CHAPITRE
8
Conclusion
Au
terme de cette incursion sur le terrain sociologique, essayons de rassembler
en une vision un peu plus synthétique les principaux enseignements
des analyses qui précèdent.
Les éléments de théorie que nous avons exposés
montrent d'abord qu'il est possible aujourd'hui de faire réellement
de la sociologie en dépassant les oppositions classiques et mutilantes
entre individu et structure, liberté et déterminisme, acteur
et système, et autres couples d'opposition épistémologiques
qui trahissent la rémanence dans le discours de la science sociale
du vieux postulat de la métaphysique spiritualiste selon lequel
le sujet (libre et conscient par définition) transcende absolument
toute détermination objective.
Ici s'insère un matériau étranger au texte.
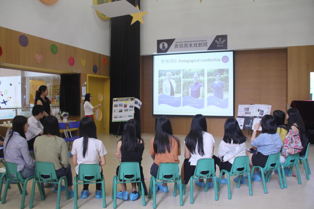 观摩完两节特色课堂之后,中方园长Apple Li向同学们介绍了幼儿园的基本情况。汇悦天启幼儿园的课程理念是:让每个孩子成为自己的王(To inspire the inner king in each child),即尊重个性,引导启发孩子的天赋,唤醒每个孩子内心的渴望和需求,发现他们最擅长的点,从而愉快成长。希望能够培养出达观、协同、独立、灵动的孩子。课程类型也十分丰富,包括探究课程、语言课程、活动课程、艺体课程和生活课程。而评估方式分为高瞻课程评估体系、个性视频、员工主导会议以及员工成长方案四个部分。幼儿园的语言和文化是“两文三语、立足岭南、放眼世界”。其中“两文三语”即为中文、英文和粤语。
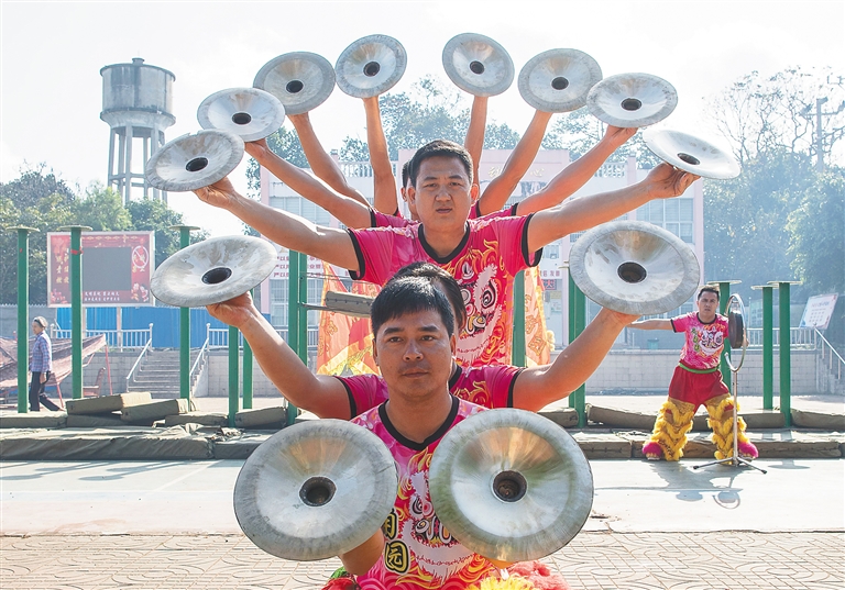 在当天的表演中,三角园精武龙狮团先后表演了醉狮、飞高桌、蹬高台、爬高杆、梅花桩及花样表演等项目,精彩的演出博得了在场观众的热烈掌声。

Cette croyance typique de la philosophie
sociale idéaliste a pour pendant l'affirmation symétrique
et typiquement matérialiste selon laquelle l'agent social ne serait
rien de plus que le jouet perpétuel et passif des structures. Ce
débat scolastique perd fondement et substance dès lors qu'on
s'efforce d'appréhender le processus dialectique permanent de l'intériorisation
de l'extériorité et de l'extériorisation de l'intériorité
décrit plus haut. L'agent social réel n'est ni cet acteur
démiurgique, maître de son destin, faisant ce qu'il veut
et voulant ce qu'il fait, cher à la sociologie subjectiviste, ni
cette marionnette mécanique des structures dont parle la sociologie
objectiviste. Ce sont là deux archétypes abstraits résultant
d'un passage à la limite à partir de l'observation de deux
conditions sociales opposées qui existent à des degrés
variables dans la réalité : d'un côté la condition
dominante des agents les plus privilégiés, à qui
des capitaux variés et abondants procurent une marge de manœuvre
confortable et le sentiment agréable d'agir sans contrainte ; de
l'autre, la condition des agents les plus démunis, étroitement
soumis à la nécessité (en particulier à la
nécessité économique) et dont la marge de manœuvre
se réduit bien souvent au choix du nécessaire. Selon qu'on
généralise l'une ou l'autre condition, on aboutit à
deux types idéaux opposés (le pur sujet et le pur objet)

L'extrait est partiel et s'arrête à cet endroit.